As an artist, understanding the context of work is part of my responsibility in preparing for performance. Through that research I learn more about the human condition. I believe this has helped me frame a fair amount of empathy for others.
As a teacher, I sometimes look to other teachers to improve my pedagogy. As a parent, I turn to other teachers to help my raise our children better than we could ever do alone.
We hope that our children learn empathy; to understand and share the feelings of another. From the day they were born, we sang to them, read stories aloud, had pets… We also encourage them to keep exploring through other teachers. As a parent, I’m tapping into the “village” of teachers available to help nurture my children into decent human beings.
Last night, I wrote about my son’s rock band experience with the Rock Youth program of the Rocking the Lehigh Valley project. He wouldn’t have gotten there without the support of The Lesson Center, where he takes drum lessons with a wonderful teacher, who also happens to be the lead singer for a local tribute band, Start Making Sense. (Jon Braun’s David Byrne representation is really great.)
My son’s relationship with his drum teacher has been a great balance for what he’s learning in his school program, and also helping him dream about all the possibilities that teens can think of. Drums + girls = hero status, right? At least his drum teacher gets him to focus on rudiments and sticking techniques. The “girl” lessons will still need our oversight; a whole other post, I’m sure.

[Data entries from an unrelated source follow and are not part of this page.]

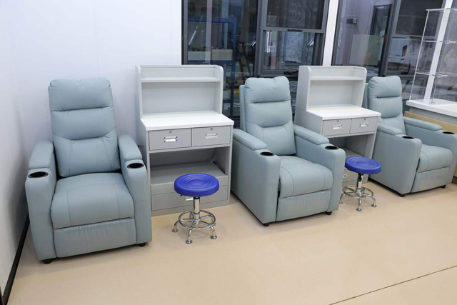采血醫護的的休息區域需要進行隱秘私密的設計,這樣可以滿足醫護人員的安靜休息環境。還有換衣服、飲食各方麵的需求。設計更大的儲存空間,可以放置更多的物資。
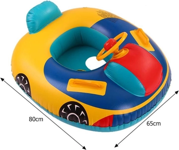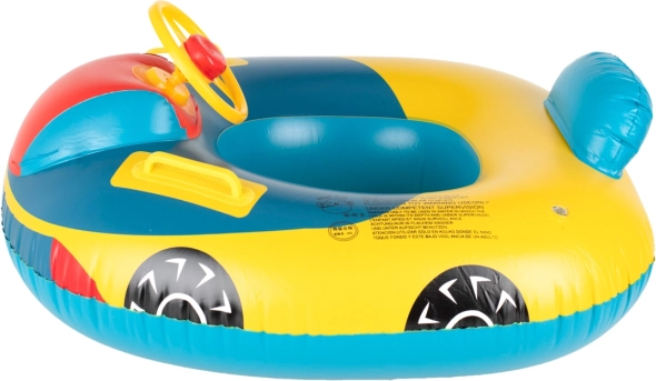 Il salvagente gonfiabile per bambini a forma di auto offre resistenza e sicurezza grazie al materiale PVC di qualità. È un aiuto ideale per l'introduzione dei bambini all'ambiente acquatico. Con volante girevole e clacson, i piccoli nuotatori si divertiranno ancora di più, e grazie al sedile speciale con fori, il bambino si sentirà al sicuro. Il design colorato e incantevole a forma di auto rende il prodotto attraente per i bambini.
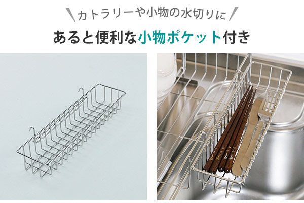 ●お箸やカトラリーの水切りができる便利な小物ポケット付きです。
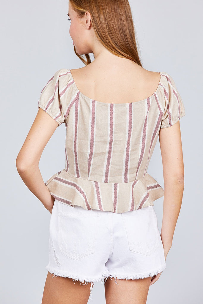 Short Sleeve Button Down Ruffle Hem Print Linen Woven Top
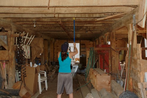 Inspired by the progress we made on the barn over the weekend, my sweet daughter decided to get a broom and start sweeping down the cobwebs from the ceiling.
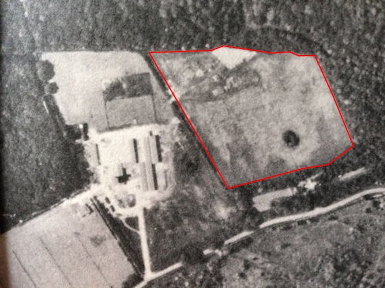 The Monks Wood Wilderness field (outlined in red) shortly after abandonment in the early 1960s. UK Centre for Ecology & Hydrology, Author provided
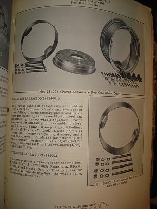 This is the WD45 I got at an auction sale a little over a month ago. It came with the duals on it (and it does not look like they have been touched in years). The tractor does have the original spin out rims on the inside. It appears the duals hook to the inside lip on the wheel centers. I do not know much more than that so far.
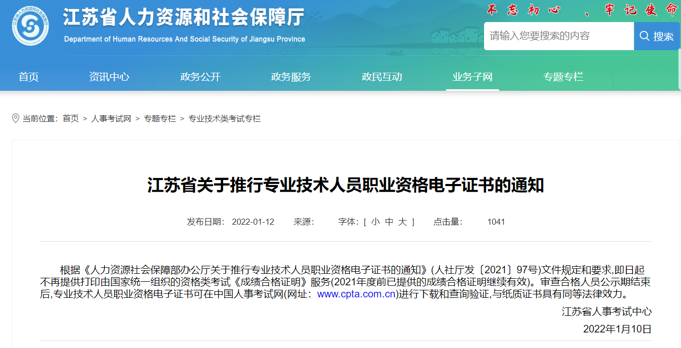 江蘇省關(guān)于推行專業(yè)技術(shù)人員職業(yè)資格電子證書的通知
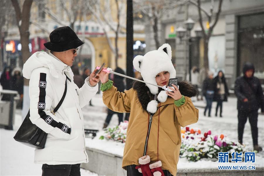 12月21日,游客在哈爾濱中央大街自拍。當(dāng)日,“冰城”哈爾濱迎來降雪天氣,整個城市變得銀裝素裹。新華社記者韓宇攝
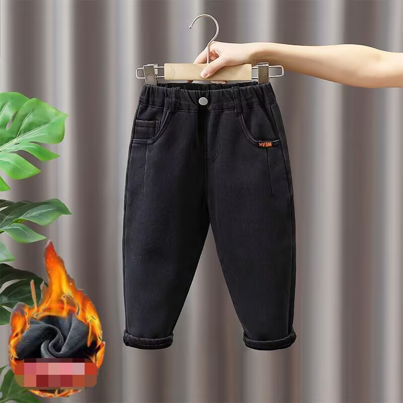 子供用加絨ズボン冬の新型一体絨毯の外に洋風の秋冬モデルのベビージーンズを厚くした長いズボンを着る
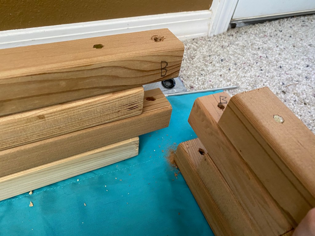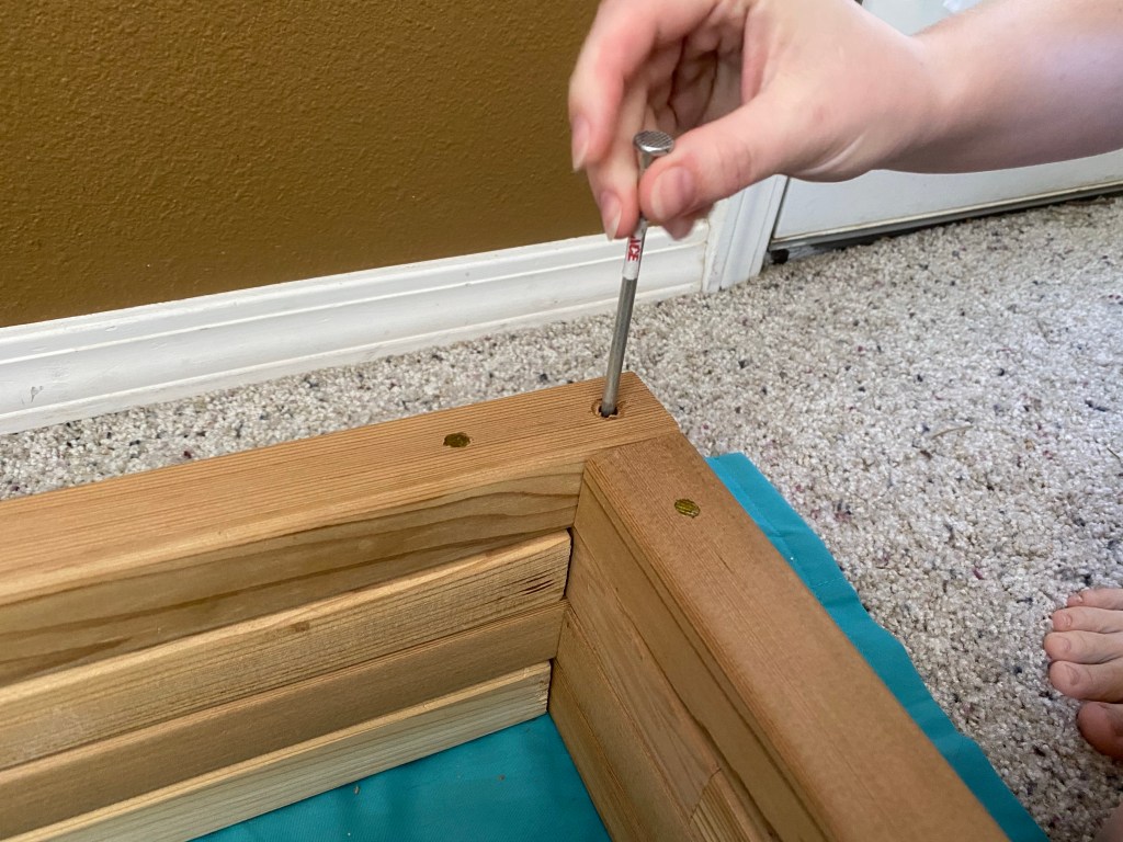 I told D we needed 2×6’s and hinges to create a frame that could be moved or taken down when necessary. He suggested using the cedar boards we used to build our garden boxes. “Great idea,” I said, and he went to work.
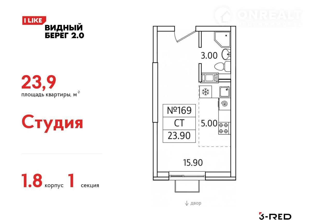 Общая площадь 23.9 м2
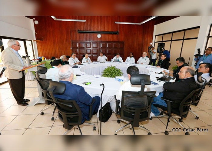Se inició el encuentro de negociación con las palabras de bienvenida del señor Enrique Bolaños Abaunza, rector del INCAE. Posteriormente el mensaje de invocación al Altísimo de su Eminencia Cardenal Leopoldo José Brenes Solórzano, y el Nuncio Apostólico, Su Excelencia Waldermar Stanislaw Sommertag saludó y bendijo el inicio de la negociación como representante de la Santa Sede.

My daughter started dancing with the Ballet Guild of the Lehigh Valley when she was six years old. I encouraged her to study here because of their excellent pedagogical approach to the tradition of ballet. They are not about the costumes or solos. They are about form. My hidden intention is to have her strengthen her ankle support muscles so she doesn’t have the osteoarthritic knees I have. Her ankles still incline a little today; but she holds herself tall and has a grace and strength to her that only comes from studying classical ballet. She loves the feeling she gets from a challenging class. She has a goal to dance in the company’s 50th Nutcracker. She may keep dancing through high school. She chooses to stay with it. We don’t force her.
In 2013, they both started a summer program at Touchstone Theatre called “Camp Touchstone.” That was the program that gave them both the stage bug. My daughter actually told one of the teachers, “I feel like I belong here.” Since that summer, my husband and I have supported the annual Young Playwrights Festival which is the showcase of small plays written by area students of the Young Playwrights Lab. They produced a promotional video for the event, which will be this Saturday evening:
(You may have to log into Facebook to see this video – but it’s worth it)

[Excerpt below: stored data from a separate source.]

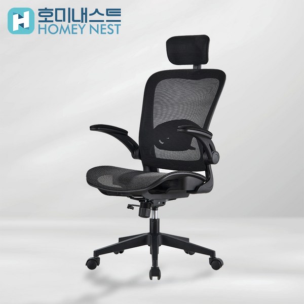 8번: HOMEY NEST 메쉬 게이밍 컴퓨터의자 승강가능 팔걸이 공간활용 사무용 허리 편한 학생 책상 HN-OC203W, 블랙
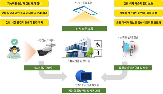 ‘스마트 클린 세이프티 존’이란 코로나19 등 확산력이 강한 전염병을 차단하기 위해 노약자, 장애인, 어린이 등이 자주 출입하는 관내 집합 시설에 무인 열화상 출입통제, UV 실내살균, 스마트 안내방송 시스템을 설치하여 공간관리 플랫폼 기반 위에서 운영되는 서비스이다.
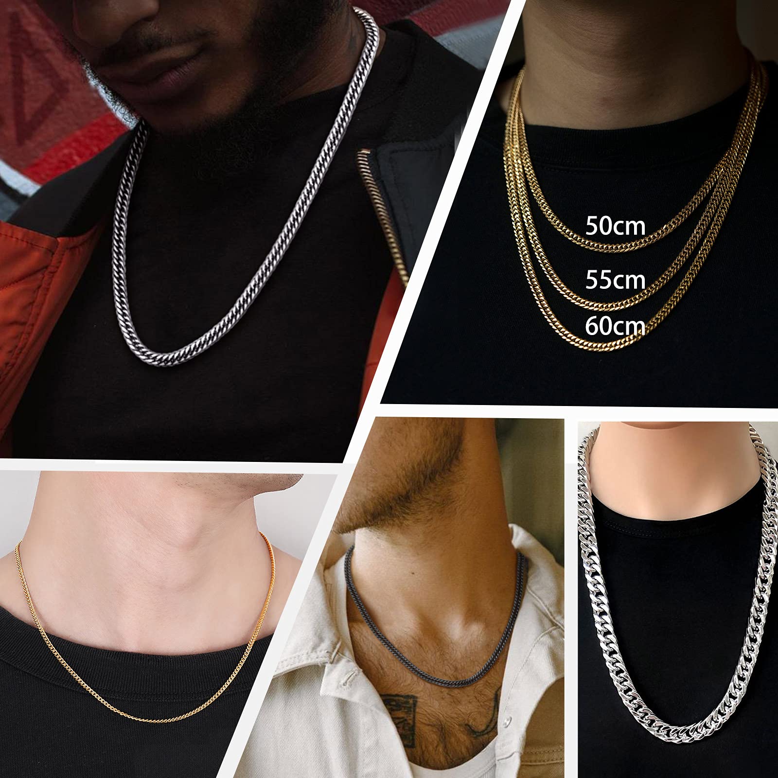 【色も!太さも!長さも選べる!】3.5mm、6mm、9mm、12mmの4太さ、シルバー、ゴールド、ブラックの3色、46cm、51cm、56cm、61cm、66cm、71cm、76cm、91cmの8長さ、全72種類を揃えました!
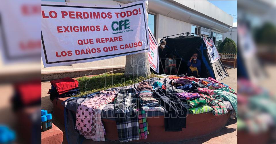 Matamoros, Tamaulipas. - A escasos dos días de que cumplan dos semanas de manifestación a las afueras de la Comisión Federal de Electricidad (CFE) en Matamoros, las señoras Alejandrina y Laura recibieron la noticia de que sería hasta el mes de enero del 2021 cuando la aseguradora pudiera darles una respuesta a la reparación de daños que están exigiendo.

While our kids engage in all of these art activities, they’ve met friends. We’ve met new groups of people. Each one of these organizations teaches our kids about expectations, standards of excellence, and good citizenship in addition to the art experience.
So many kids in our community gain much from these kinds of experiences. I only hope that if a child want to pursue any of them, there are others who support the small business, artists and arts organizations who provide these opportunities to our community.